Then $$ L^*=\sum_i p_i\log\frac1{p_i}=H(X). $$

Therefore, for any uniquely decodable code, $$ L\geq H(X). $$

概率大的符号应该给短码,概率小的符号给长码。最理想长度就是 surprise:$\log(1/p_i)$。

10.2 Shannon Code

Def. The Shannon code chooses $$ \ell_i=\left\lceil \log\frac1{p_i}\right\rceil. $$

Since $$ \ell_i<\log\frac1{p_i}+1, $$ we have $$ L=\sum_i p_i\ell_i <\sum_i p_i\left(\log\frac1{p_i}+1\right) =H(X)+1. $$

Theorem:

For Shannon code, $$ H(X)\leq L < H(X)+1. $$

If every $p_i$ is a power of $2$, then $\log(1/p_i)$ is integer and $$ L=H(X). $$

10.3 Block Coding

The $+1$ bit overhead may be large for single symbols.

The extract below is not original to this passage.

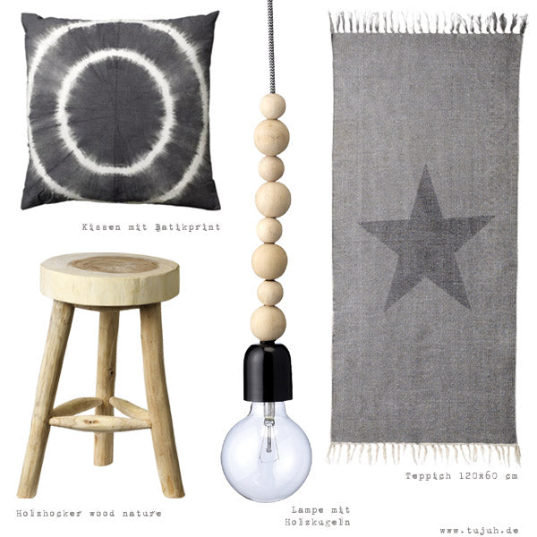 Der legere Vintage Look dieses Teppichs lässt uns nicht mehr los! Das Design des Dänischen Labels Bloomingville steht für einen anspruchsvollen, individuellen Life Style. Diese schicke Coolness kommt in dem grauen Läufer voll zum Ausdruck! Der hochwertige Baumwollteppich hat eine strukturierte Gewebung und kommt in einem schönen Grau. Die Fransen und der große, schwarze Stern verleihen diesem ausgesuchten textilen Schmuckstück fürs Zuhause die coole Lässigkeit. Dank der hundertprozentigen Baumwolle und der neutralen Farben wirkt der Teppich natürlich und ist bestens für alle Räume geeignet. Ein tolles Stil-Ensemble ergibt sich in Kombination mit dem Drum stool pink star von A.U Maison, dem Bloomingville Holzschild „Happiness is not a Destination“ in schwarz oder dem Bloomingville Baumwollkissen 30x60 cm in weiß grauer Batikoptik. Alleine legt der Lone Star Läufer allerdings auch einen super-stylischen Auftritt hin!
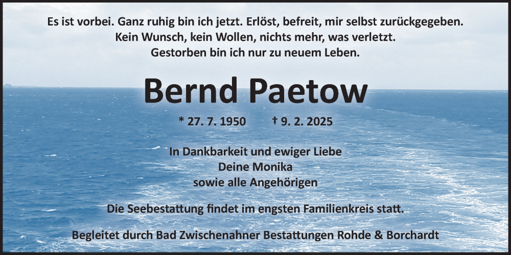 Hier finden Sie alle Traueranzeigen aus der Zeitung, die bisher für Bernd Paetow erschienen sind. Weitere Traueranzeigen, die in der Zeitung erscheinen, werden hier ebenfalls aufgelistet

Idea: group $n$ symbols together: $$ Y=(X_1,\cdots,X_n). $$

Design Shannon code for $Y$.

If $X_i$ are iid, then $$ H(Y)=H(X_1,\cdots,X_n)=nH(X). $$

For the block code, $$ H(Y)\leq L_Y < H(Y)+1. $$

Divide by $n$: $$ H(X)\leq \frac{L_Y}{n}<H(X)+\frac1n. $$

As $n\to\infty$, $$ \frac{L_Y}{n}\to H(X). $$

把很多 symbols 打包一起编码,可以把每个 symbol 平均多出来的 overhead 从 $1$ bit 降到 $1/n$ bit。但代价是 codebook size 指数爆炸。

10.4 Wrong Distribution

Suppose the true test distribution is $q_i$, but the code is designed using training distribution $p_i$.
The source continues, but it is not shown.